The Other Side of 106 and Park

When I was on my way to show one of my friends the Graffiti Hall of Fame by 106 and Park, one of my childhood neighbourhoods, I could not help but notice this beauty along the way.

As you walk through Harlem, your eyes will be drawn to all the walls depicting black culture. With vibrant colours of neon green and electric blue, my obvious first thought was the artists ode to old school hip-hop channelling Africa Bambaataa’s Universal Zulu Nation movement.



As I continued walking throughout the streets, I am reminded of the importance of graffiti for the community. Symbols of black figures  drawn on the walls to mark the cultural movement of the hip-hop industry, from the DJs to the B-Boys and the MCs who brought the entertainment to our ears.

However, the essence of hip-hop is not just to entertain the listener, but to tell a story and looking at this mural brings a sort of melancholy to the viewer.

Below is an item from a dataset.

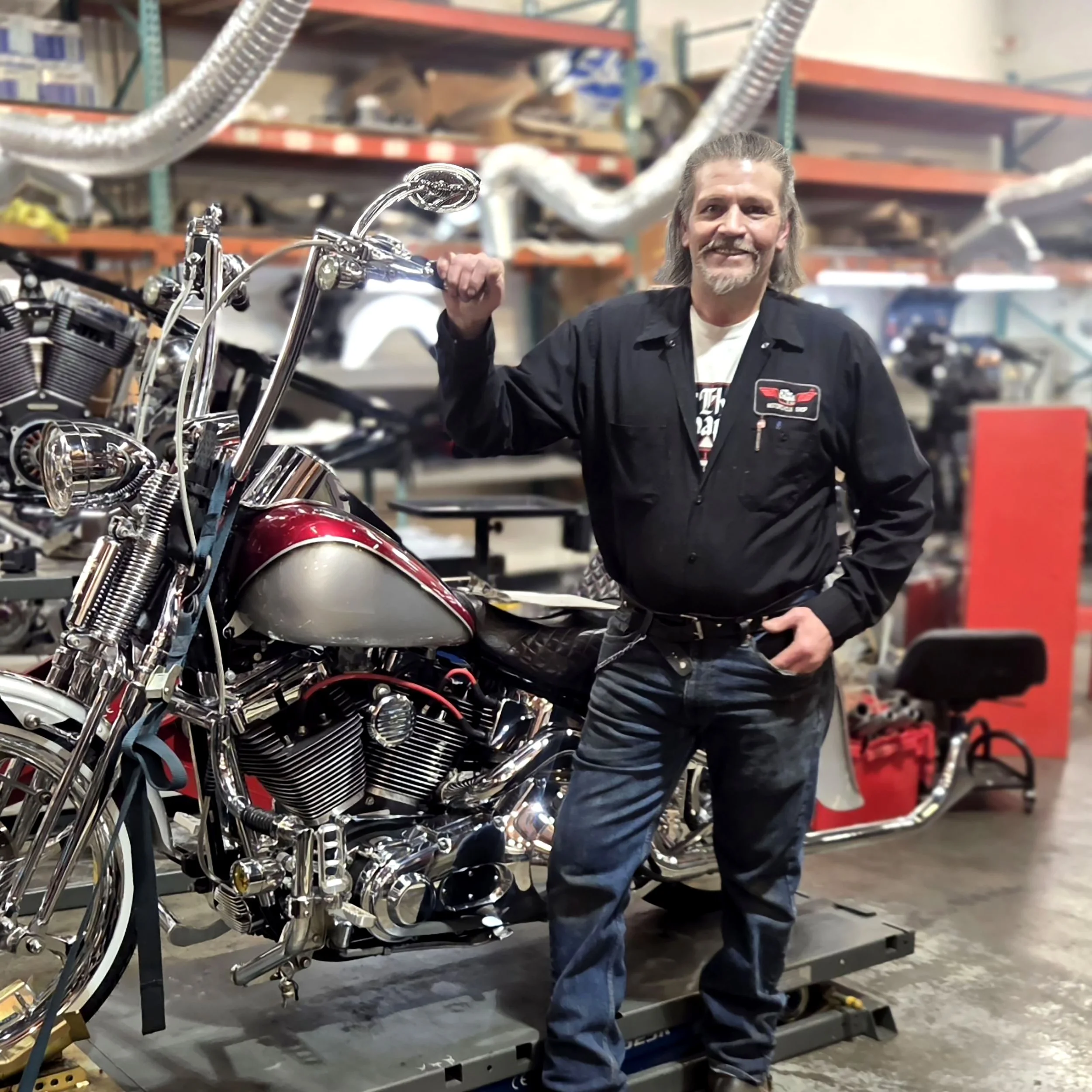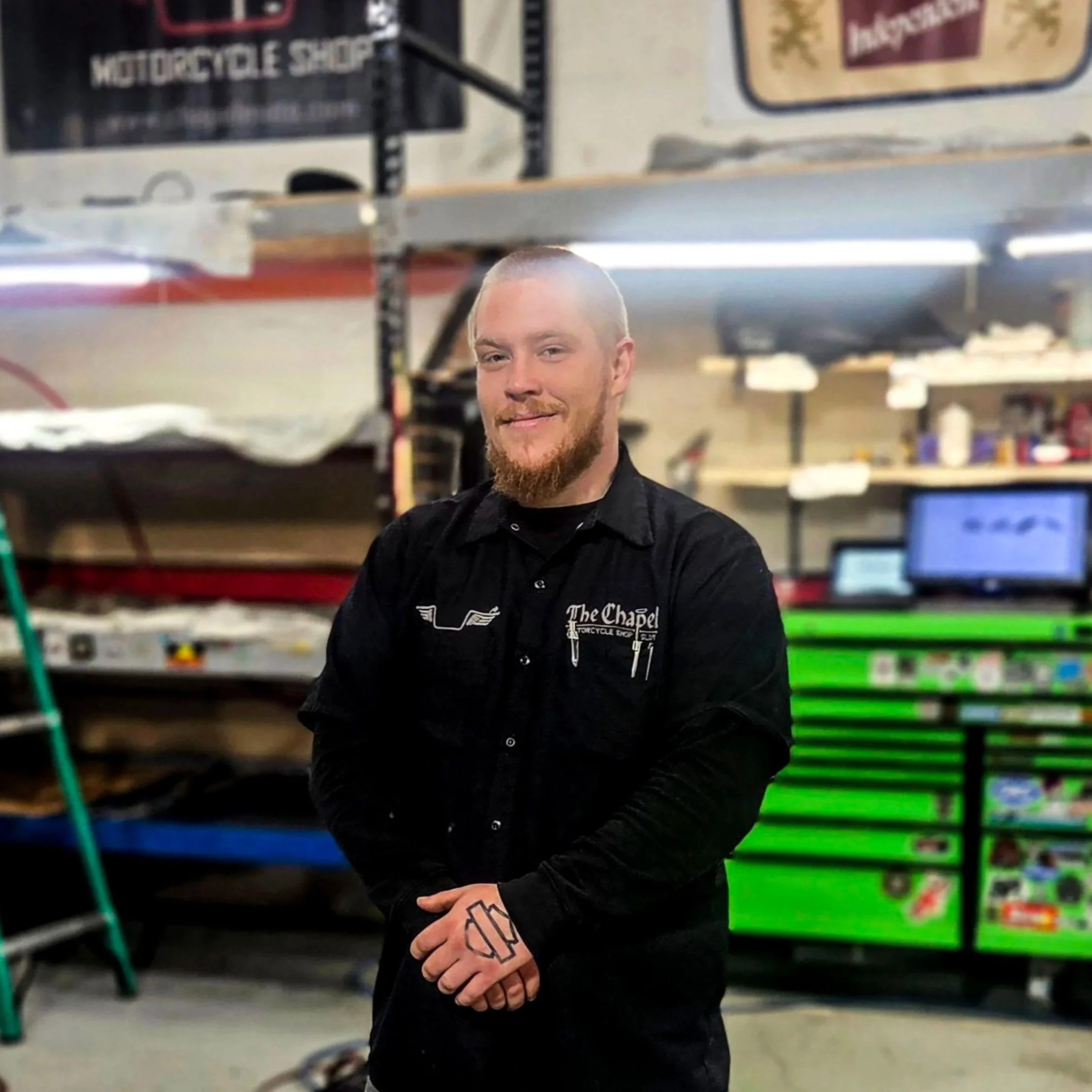 Charlie is dedicated to helping customers seamlessly navigate their repair needs, expertly guiding them through every step of the service process. You’ll usually find him at the front desk—answering phones, assisting customers, and helping keep operations running smoothly. His love for motorcycles and the upbeat atmosphere at The Chapel make it a place he’s proud to be a part of.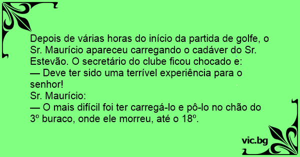 Depois de várias horas do início da partida de golfe, o Sr. Maurício apareceu carregando o cadáver do Sr. Estevão. O secretário do clube ficou chocado e:

Like an MC, a graffiti artist let’s an audience see their ever-changing emotion and frustration with society through their art; therapy for the silenced and oppressed.

Seeing all the faces of black men that have been lost to police brutality immortalized with a spray can was a definite reminder of the injustices we see today. It felt as if no matter how far you come or how much you accomplish, you are still held down to an outdated stereotype.

Was that how this artist felt? That was an answer I left for another day.


As we grew closer to the Graffiti Hall of Fame, I felt as if I stepped back in time, turning off Google Maps and letting my body take over, guiding me in the same direction I took as a little girl. First passing through Central Park to a familiar building that was once viewed as a project (and my father’s home) is now considered a pricey real-estate venture. Typical of New York housing and all too familiar to residents who are forced out of their homes, because of new management’s greed .


Finally arriving to a familiar destination I once knew as a child was a thrilling feeling. I can’t say I miss the smells or sounds, but the wondrous colours and stimulating images that changed depending on the community’s mood was a welcoming feeling.

Harlem will always be an interesting neighbourhood, because I remember Harlem for the block parties and the smorgasbord of black and puerto rican culture. Now that it is turning into this metropolitan gentrified borough, I almost do not recognize it. However, it will be these walls that remind me what Harlem was really all about.